= Chemcatcher =

Passive sampling device for monitoring water pollutants

Chemcatcher is a passive sampling device for monitoring a variety of pollutants (including trace metals, polycyclic aromatic hydrocarbons, pesticides and pharmaceutical residues) in water. It is a reusable three component, water-tight PTFE body. Two different designs are available to accommodate different types of commercially available 47 mm diameter receiving phase disks.

==Background==
Most monitoring programmes involve the periodic collection of low volume spot samples (bottle or grab) of water, which is challenging, particularly where levels fluctuate over time and when chemicals are only present at trace, yet toxicologically relevant concentrations. Chemcatcher is used to measure time-weighted average (TWA) or equilibrium concentrations of a wide range of pollutants in water.

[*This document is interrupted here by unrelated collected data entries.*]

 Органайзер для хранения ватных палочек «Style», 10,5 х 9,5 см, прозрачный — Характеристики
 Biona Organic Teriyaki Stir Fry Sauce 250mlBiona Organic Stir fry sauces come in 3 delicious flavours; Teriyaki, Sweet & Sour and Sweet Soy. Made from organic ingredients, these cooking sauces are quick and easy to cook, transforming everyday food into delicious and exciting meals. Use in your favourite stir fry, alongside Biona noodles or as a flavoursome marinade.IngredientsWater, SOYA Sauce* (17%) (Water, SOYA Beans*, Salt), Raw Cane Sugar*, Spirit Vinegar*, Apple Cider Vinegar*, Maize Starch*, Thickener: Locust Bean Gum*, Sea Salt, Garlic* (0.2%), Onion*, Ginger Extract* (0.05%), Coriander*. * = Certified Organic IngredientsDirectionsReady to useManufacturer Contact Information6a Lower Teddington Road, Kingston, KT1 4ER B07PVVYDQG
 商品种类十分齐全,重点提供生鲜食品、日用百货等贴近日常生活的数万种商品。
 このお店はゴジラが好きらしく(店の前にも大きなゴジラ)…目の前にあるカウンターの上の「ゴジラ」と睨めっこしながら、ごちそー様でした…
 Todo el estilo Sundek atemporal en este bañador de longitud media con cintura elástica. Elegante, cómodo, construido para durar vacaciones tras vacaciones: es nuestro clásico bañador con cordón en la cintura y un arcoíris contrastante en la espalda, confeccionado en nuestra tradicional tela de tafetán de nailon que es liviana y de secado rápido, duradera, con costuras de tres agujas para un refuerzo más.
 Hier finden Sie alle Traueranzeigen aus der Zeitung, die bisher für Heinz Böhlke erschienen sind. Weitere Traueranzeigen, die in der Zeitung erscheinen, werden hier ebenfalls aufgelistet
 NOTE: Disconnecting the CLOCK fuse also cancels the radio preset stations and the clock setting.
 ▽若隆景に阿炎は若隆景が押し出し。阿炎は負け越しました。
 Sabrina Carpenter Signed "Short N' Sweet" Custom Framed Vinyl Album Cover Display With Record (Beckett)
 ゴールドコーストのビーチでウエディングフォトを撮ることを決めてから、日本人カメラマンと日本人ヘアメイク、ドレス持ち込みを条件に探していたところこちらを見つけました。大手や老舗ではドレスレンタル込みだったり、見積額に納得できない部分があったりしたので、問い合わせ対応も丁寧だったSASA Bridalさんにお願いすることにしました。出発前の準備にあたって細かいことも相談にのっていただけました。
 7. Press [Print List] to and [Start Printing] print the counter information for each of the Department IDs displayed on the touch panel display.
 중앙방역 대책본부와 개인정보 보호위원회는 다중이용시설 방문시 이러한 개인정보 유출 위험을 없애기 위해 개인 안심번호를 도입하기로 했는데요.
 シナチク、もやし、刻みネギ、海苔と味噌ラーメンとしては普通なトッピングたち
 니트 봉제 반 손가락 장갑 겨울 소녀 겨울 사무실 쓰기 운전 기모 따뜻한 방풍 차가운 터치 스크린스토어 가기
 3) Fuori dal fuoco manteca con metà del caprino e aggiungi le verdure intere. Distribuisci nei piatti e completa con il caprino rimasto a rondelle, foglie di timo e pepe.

This allows the end user to obtain a more representative picture of the chemicals that may be present in the aquatic environment.

==Development==
The Chemcatcher concept was developed by Professors Richard Greenwood and Graham Mills at the University of Portsmouth, together with colleagues from Chalmers University of Technology, Sweden. The device is patented in a number of countries and the name is a registered trademark in Ireland and the United Kingdom.

T.E. Laboratories (TelLab), based in Tullow, Ireland, holds the global licence to manufacture and sell Chemcatcher.

==Use==
The sampler can be deployed in the field for extended periods of time ranging from days to weeks. The specific pollutants of interest are sequestered by the samplers and these are retained on the receiving phase disk. After retrieval from the environment the pollutants are eluted from the disk and analysed in the laboratory using conventional instrumental methods. In order to obtain TWA concentrations the sampler must first be calibrated in the laboratory so as to ascertain the uptake rate (usually measured as the volume of water cleared per unit time i.e. L/h for the analyte) of the pollutant of interest. Chemcatcher has been used in a range of aquatic environments; however, most work to date has been in monitoring the TWA concentrations of priority and emerging pollutants in surface waters.

The use of passive sampling devices, such as Chemcatcher or polar organic chemical integrative sampler (POCIS), has a number of advantages over the use of spot or bottle sampling for monitoring pollutants in the aquatic environment. The latter technique gives only an instantaneous concentration of the pollutant as the specific time of sampling. Passive samplers, depending on their mode of use, can give either the TWA or equilibrium concentration of the pollutant over the deployment period. The measurement of TWA concentrations can give a better indication of the long-term environmental conditions and enables improved risk assessment. Chemcatcher can be used to monitor both polar and non-polar compounds.